> [Excerpted records]:
☆ ☆ ☆ ☆ ☆ ☆ ☆

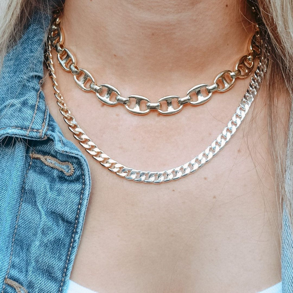This look combines the gold rounded rolo necklace with the two-tone link chain for a fabulous casual style!
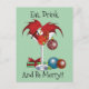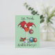 A cute red dragon in a martini glass holding a green olive. Ornaments, a Christmas present and green olives all around.
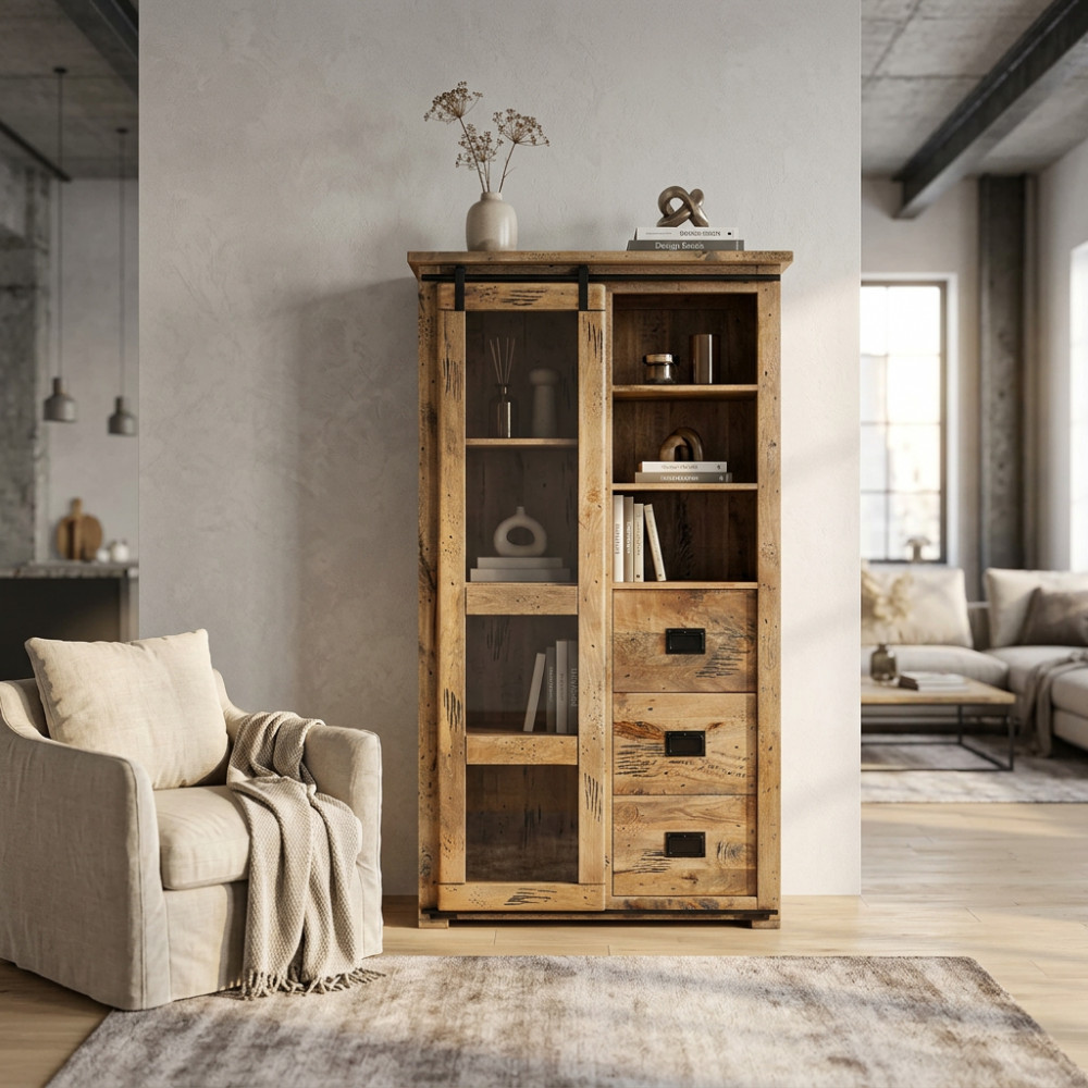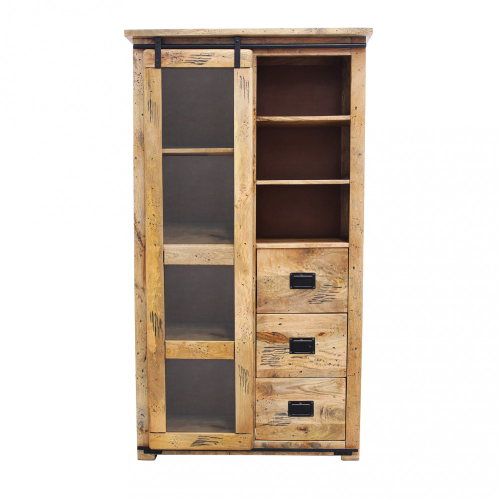 - Dati Tecnici Mobile in legno di mango con 1 anta scorrevole, 7 ripiani, 3 cassetti Dimensioni: cm 100 x 45 x 180 h
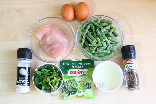 Для приготовления стручковой фасоли с курицей и яйцом на 2 порции возьмём следующие ингредиенты.
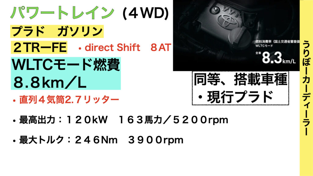エンジンはガソリン2.7Lとディーゼル2.8Lの2種類あり、差額はおおよそ60万円です。
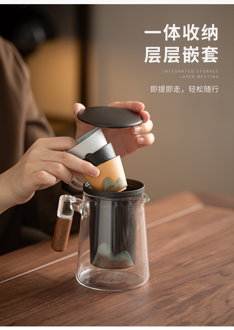 苏氏陶瓷(SUSHI CERAMICS) J1127 4头 釉画彩手柄玻璃旅行包 混色(单位:套)

☆ ☆ ☆ ☆ ☆ ☆ ☆

> [Required work]:
Nothing except the lines from the one containing "A cute red dragon" through the one containing "- Dati Tecnici" should appear in the answer, exactly as above and without pictures.

> [Output of the exercise]:
 A cute red dragon in a martini glass holding a green olive. Ornaments, a Christmas present and green olives all around.
 - Dati Tecnici Mobile in legno di mango con 1 anta scorrevole, 7 ripiani, 3 cassetti Dimensioni: cm 100 x 45 x 180 h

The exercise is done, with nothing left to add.